1> Beginning at the beginning: imagine that we have a population. The population is the approximately 110 students in this class.
2> From that population we drew a sample--all students attending last session who were present when we ran the experiment and consented to participate. N = 54. Given that this was the day before a long holiday, should we be concerned about whether or not these students are representative of the population?? Would they differ in ways that will ultimately influence (confound) our experimental results? This is something for you as a researcher to contemplate. It is a question about the introduction of uncontrolled bias.
3> We divided that sample randomly (by the flip of a coin and odd or even day of ones birthday) into two groups. One group won an 80 million dollar lottery. One group did not win. This quarter with random assignment 27 were in one group and 27 in the other--50-50. But let's do the math. We have an estimated box based on our sample. In that box are 27 (not 54/2 but the actual 27 people who said they lost) tickets marked losing and 27 tickets marked winning. What do we expect to see for the chances of losing: 27 = 50% of 54. The SE for the sum = squareroot of (54 * .50 * (1 - .50)) = 3.67. The SE for the % = 3.67/54 * 100% = 6.8%. When we make a 95% confidence around this, we estimate an interval between 50% plus or minus 1.96 (or approximately 2) * 6.8% or 37% to 63% which we think will cover the population parameter associated with the outcome of a coin flip, clearly encompassing the 50-50 split we intuitively expect. (Now, obviously, birth days don't exactly break down into 50-50 by being odd or even, but they are pretty close.)
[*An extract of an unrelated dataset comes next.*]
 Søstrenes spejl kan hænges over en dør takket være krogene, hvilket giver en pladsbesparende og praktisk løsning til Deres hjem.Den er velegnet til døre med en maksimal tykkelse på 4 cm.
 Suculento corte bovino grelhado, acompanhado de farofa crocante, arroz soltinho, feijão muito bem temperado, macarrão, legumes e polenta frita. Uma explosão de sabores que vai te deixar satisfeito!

Last year the same process resulted in a 40 to 23 split. Why did the winning group have 40 people and the losing group have 23 people? What did we expect to see? What are the chances we would see this outcome? Well, 40 = 63% of 63. The SE for the sum = squareroot(63*.63*1-.63) = 3.83. The SE for the % = 3.83/63 * 100% = about 6.1%. Thats if we estimate from the sample. If we make a 95% confidence interval around what we observed, we could state that our best bet for the population parameter (which if random, we think is 50%, right?) is 63% " 1.96*6.1% or 51% to 75%. Notice our interval does not capture what we think should be in that interval if only chance is happening. But this quarter it did. That's the way chance operates--most of the time exactly more or less as we expect it and rarely, but still some of the time, not as we expect it.
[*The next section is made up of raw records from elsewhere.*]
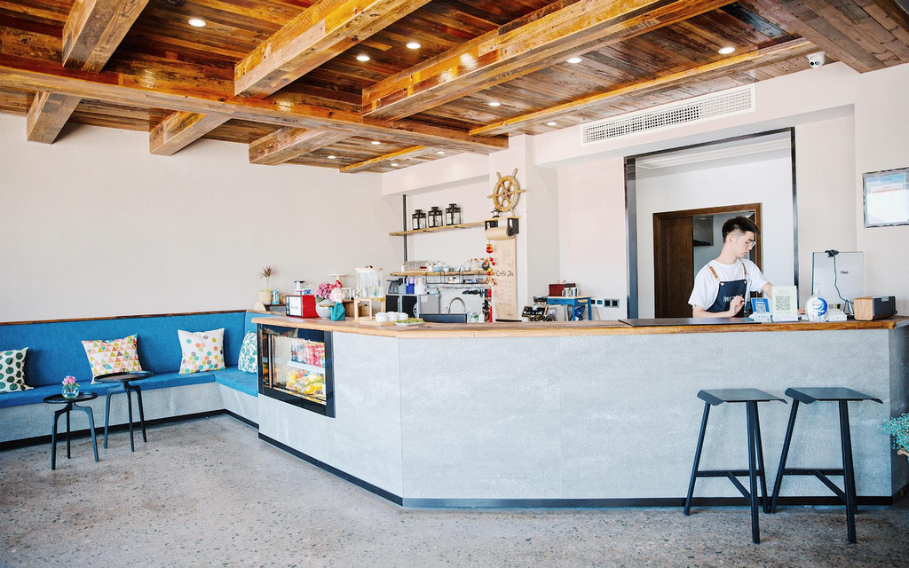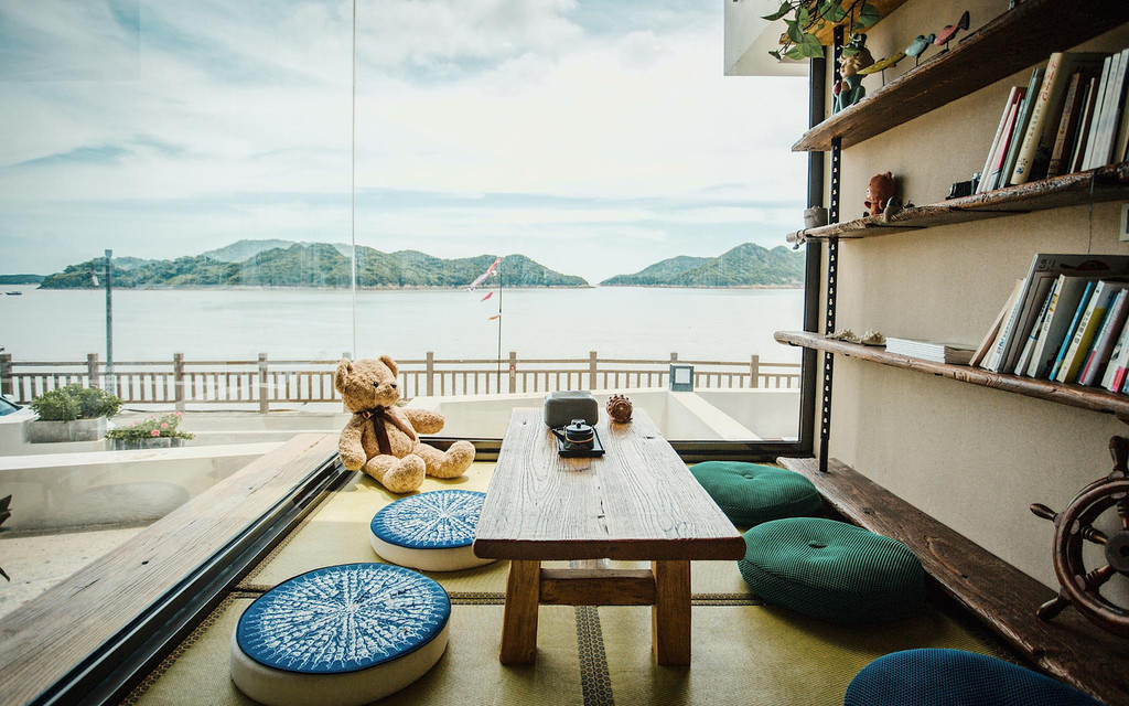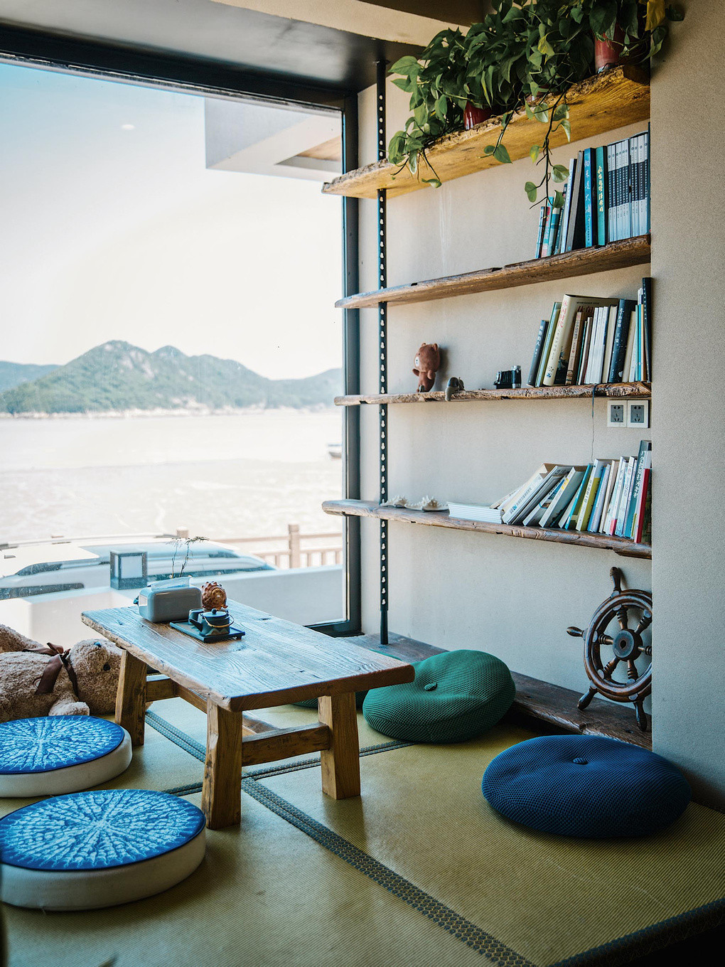 书吧里的书都可以随意翻阅,配合着几个小铺团和绵长的茶香,一定能让你重拾阅读之趣,一个人也不用觉得孤单,有只蠢萌蠢萌的小熊一边观海一边陪你。
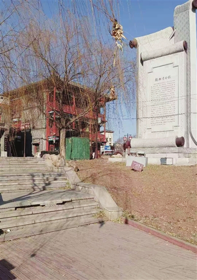同时,记者发现了一些问题。古镇内很多道路出现不同程度的破损,其中石家大院门前的道路坑洼最为严重。柳口路边的景区门前地面片片油污,最大的一片就在大运河边的游客进出口处。与古镇相连的大运河边公园景区,有一片用木条铺成的休闲区,上面还有很多用同样的木条制成的凳子,有些木条已经缺失、松动。还有的石头铺成的台阶处,大石松动,下面仅垫了两小块石片,一踩一晃荡,容易摔人。
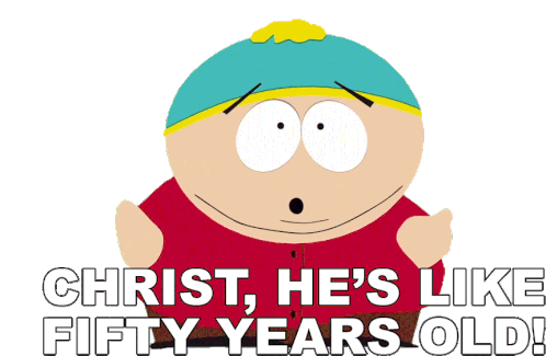 Eric Cartman from South Park exclaims 'Christ, he's like fifty years old!' with a shocked expression.
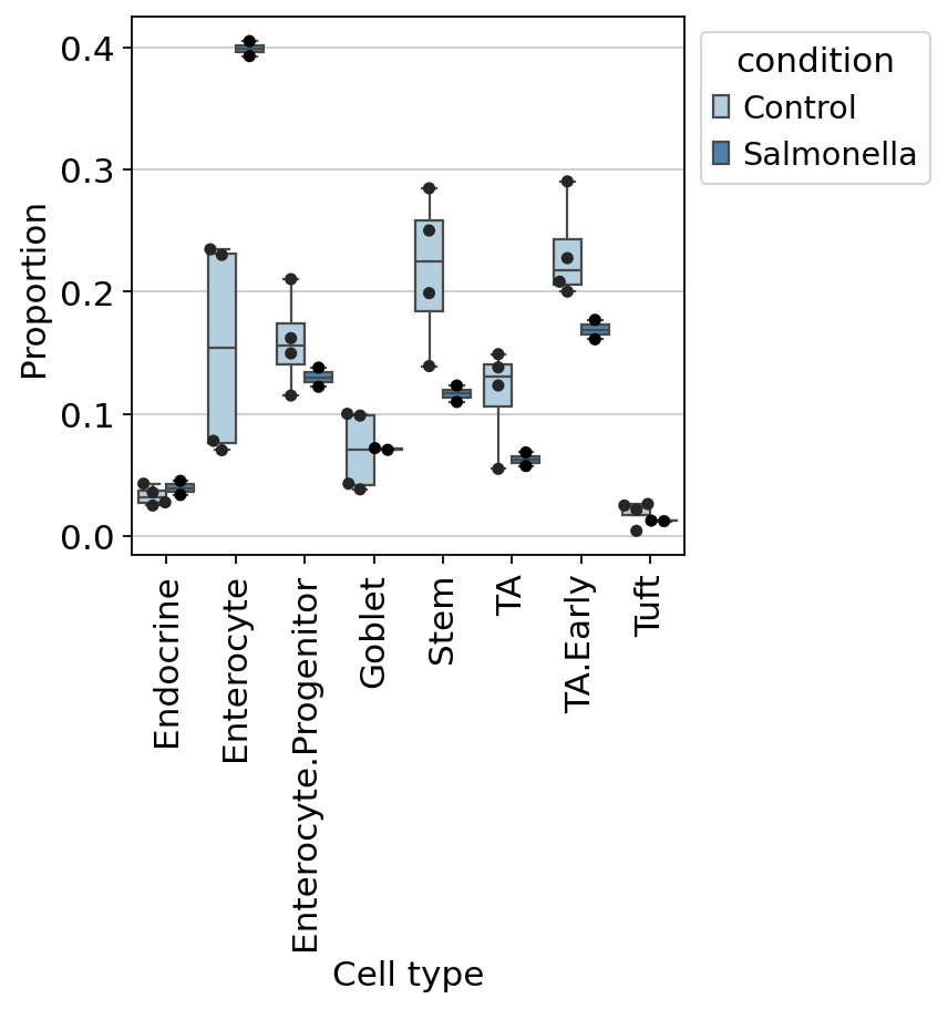For our first example, we want to look at how the Salmonella infection influences the cell composition. Therefore, we create a subset of our compositional data that only contains the healthy and Salmonella-infected samples as a new data modality.
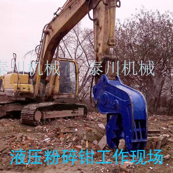 液压油缸施加运动压力,使液压钳的运动颚和固定颚实现张合运动,实现粉碎效果。
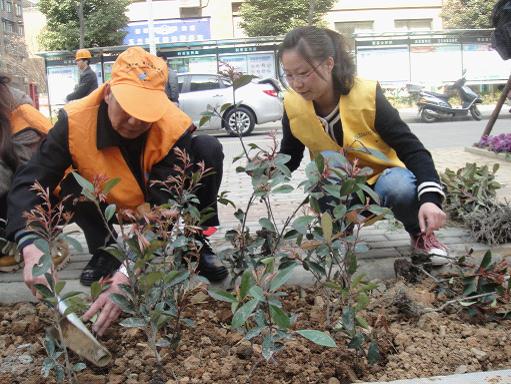 图为:国际学院志愿者和玉兰社区志愿者合作绿化

There are two possible reasons why it didn't happen evenly last year:
- 5% of the time our method of creating an interval will not contain the population parameter because chance happens, and maybe that time we just had a preponderance of people with an even birthday.
- Something other than chance occurred--people did not assign themselves to the correct condition
So, it may be chance; it may be bias. We can never know for sure. But this quarter when I did the experiment, I spent a little more focused time during the intervention trying to be sure that the class was awake and listening when the assignment to conditions was made. Did this have an effect (that is, did I remove the problem of bias)? Maybe--the 50-50 split looks better. Or maybe it was chance all along.
4> If we estimate what we expect to see in this random assignment process for this class going from the box describing selecting assignment based on an odd or even birthday (now it's 54/2 calculated without concern for what we actually observed), its the squareroot of (54 *.5*(1 - .5))= 3.67. And the SE for the percent is 3.67/54 *100% = 6.8% So even though we expect 50%, well be happy with 7.0% give or take. We observed 50% and so we are reassured that the assignment seemed to work
5> Next, I asked each of you how much of $10 you would give to a beggar.
6> What might a research hypothesis be for this study?
7> What are our two variables?
8> Which is our independent variable? How many levels does it have?
9> Which is our dependent or outcome variable?
10> Translate the research hypothesis into statistical hypotheses. What are these statistical hypotheses saying?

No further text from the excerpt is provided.